Operating activities used $4.0 million in cash and cash equivalents for the three month period ended March 31, 2009. The net cash and cash equivalents used in operating activities during the three month period ended March 31, 2009 was primarily a result of net loss, adjusted to exclude the effect of non-cash charges, of $7.5 million and decreases in other current liabilities of $1.8 million and accounts payable and accrued liabilities of $0.7 million, partially offset by a decrease accounts receivable of $6.3 million. Operating activities used $5.4 million in cash and cash equivalents for the three month period ended March 31, 2008. The net cash and cash equivalents used in operating activities during the three month period ended March 31, 2008 was primarily a result of net loss, adjusted to exclude the effect of non-cash charges, of $4.0 million and increases in inventories of $6.8 million, accounts receivable of $6.9 million, and prepaid expenses and other assets of $2.7 million, partially offset by increases in accounts payable and accrued liabilities of $3.2 million, and other current and non-current liabilities of $3.7 million.
Net cash and cash equivalents provided by investing activities during the
three month period ended March 31, 2009 of $2.0 million was due to proceeds from
sales of marketable securities of $3.3 million, partially offset by purchases of
marketable securities of $1.1 million, and capital expenditures of $0.2 million.
Net cash and cash equivalents used for investing activities during the three
month period ended March 31, 2008 of $3.9 million was due to acquisition costs
for business combinations of $8.6 million, purchases of marketable securities
of $5.9 million, and capital expenditures of $1.4 million, offset by proceeds
from sales of marketable securities of $12.0 million.

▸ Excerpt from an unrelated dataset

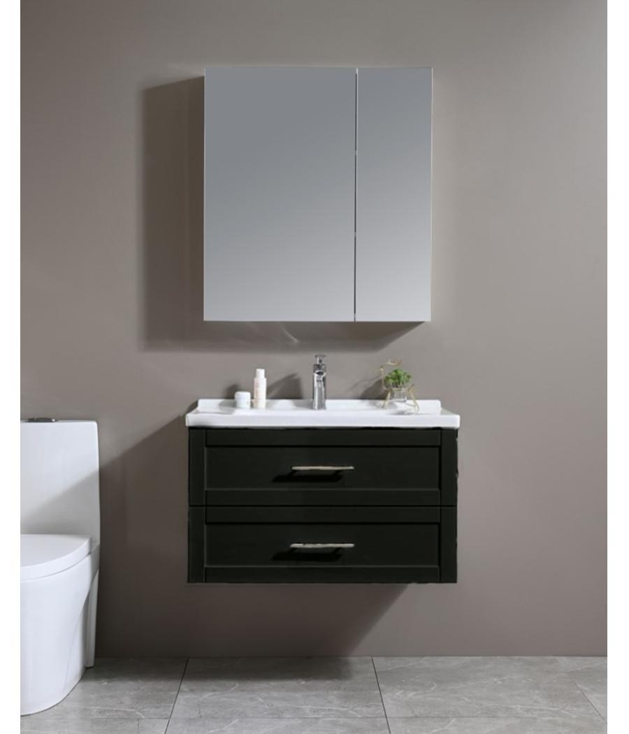 Meuble de salle de bain suspendu, matière hydrofuge, résistant à l'eau. Meuble : 80x46x50cm Miroir avec rangement : 70x80 cm. Portes et tiroirs avec système soft-close. Couleur : noir. Bonde et robinet non inclus.

There was no cash and cash equivalents provided by or used in financing activities for the three month periods ended March 31, 2009. Net cash and cash equivalents provided by financing activities for the three month periods ended March 31, 2008 was due to proceeds received and tax benefit for sales of shares through share-based compensation plans.
From time to time we evaluate whether to acquire new or complementary businesses, products and/or technologies. We may fund all or a portion of the purchase price of these acquisitions in cash. On January 22, 2008, we announced that we had acquired all intellectual property and selected assets from privately-held RVSI Inspection, LLC, headquartered in Hauppauge, New York. We will account for this acquisition as a business combination.
In July 2008, our Board of Directors approved a stock repurchase program of up to 3 millio n shares. We did not purchase any shares to date under this program.
Our future capital requirements will depend on many factors, including the timing and amount of our revenues and our investment decisions, which will affect our ability to generate additional cash. We believe that our existing cash, cash equivalents and marketable securities will be sufficient to meet our anticipated cash requirements for working capital and capital expenditures for the foreseeable future. Thereafter, if cash generated from operations and financing activities is insufficient to satisfy our working capital requirements, we may seek additional funding through bank borrowings, sales of securities or other means. There can be no assurance that we will be able to raise any such capital on terms acceptable to us or at all.